Two recognized standards used by other jurisdictions. The "Fry"
test (to be admissible, scientific evidence must be the result
of a theory that has general acceptance in the scientific
community) and the "Daubert" test (is this testimony going to help
the fact finder, is it a peer-reviewed and generally accepted theory,
and does this evidence have a reasonably low error rate). Lately
there's been a push in WI to move towards the Daubert rule because
the WI rule allows a lot of junk science in, because there is no
standard for what constitutes worthy expert subject matter.
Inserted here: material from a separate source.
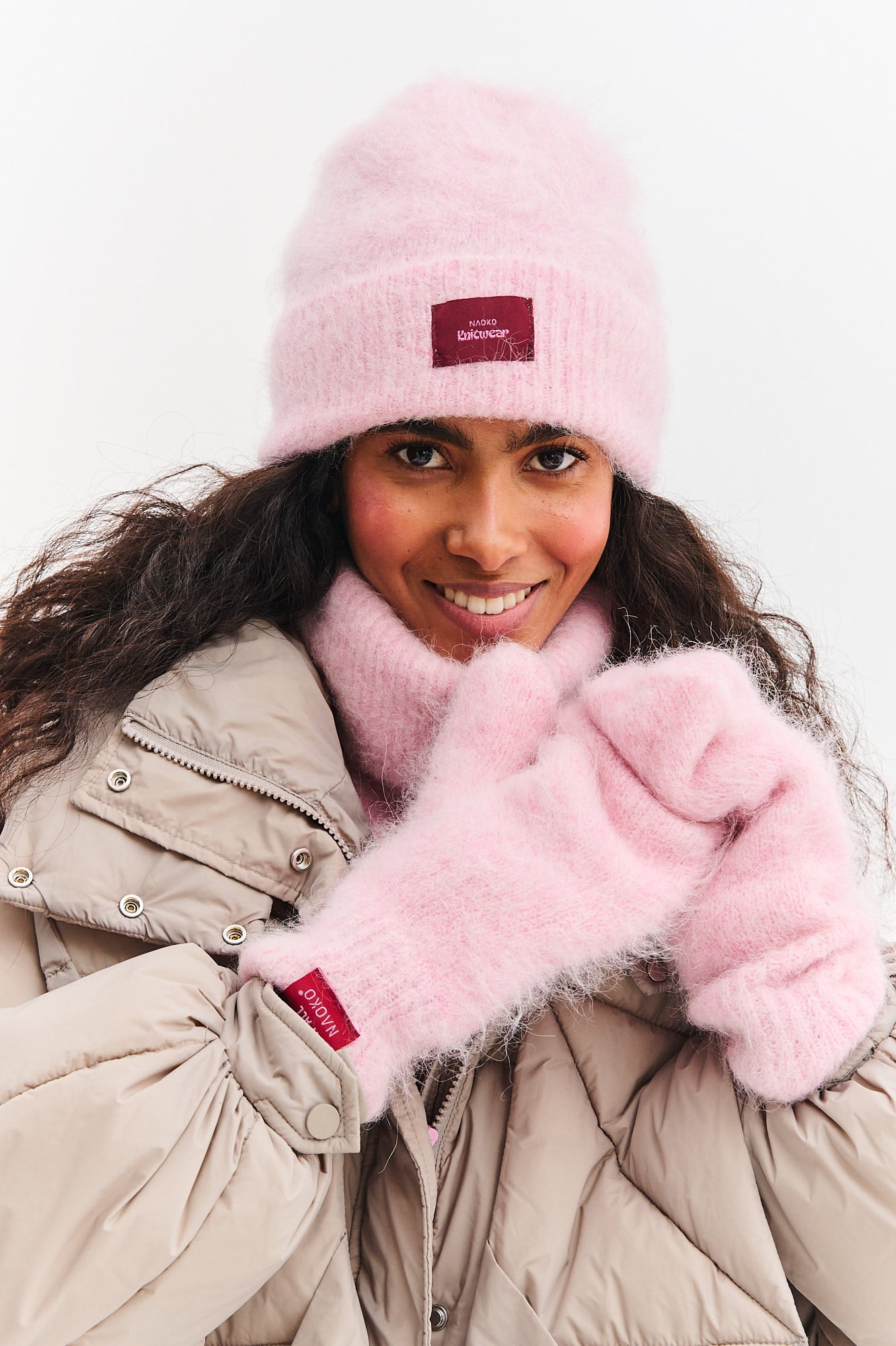 Czapka Huggy Blush to kwintesencja komfortu i kobiecego stylu. Została wykonana z puszystej dzianiny z dodatkiem wełny z alpaki, która słynie ze swoich wyjątkowych właściwości termoizolacyjnych i niezwykłej miękkości. Dzięki temu czapka jest lekka, a jednocześnie bardzo ciepła.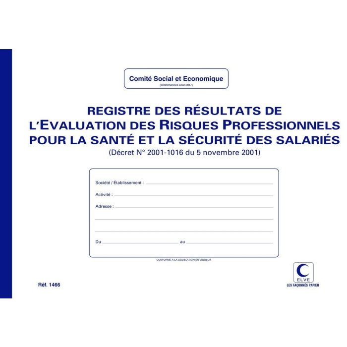 Registre des évaluations des risques professionnels (ERP) pour la santé et la sécurité des Salariés de l'entreprise ELVE. Numéro article 1466

- Really low-down tactics: the state claims that the defendant's lack of
expert testimony is indicative of a weak case.
- Circuit court didn't even look at the constitutional implications of
excluding the expert-- they didn't weigh the gravity of the constitution
vs the rule of evidence.
- St. George got tried again, and the charge was dismissed. His grandmother
got the bail money back. A heartwarming conclusion.
- Review questions:
- People ask about Williford: the presence gun would be more of a self-defense
issue than a provocation issue.
- Note that all these cases are exceptional in some way: the normal cases
don't make it to appeal, etc.
- Lesser included offenses are most commonly found in homicide cases (because
they're automatically available, by statute).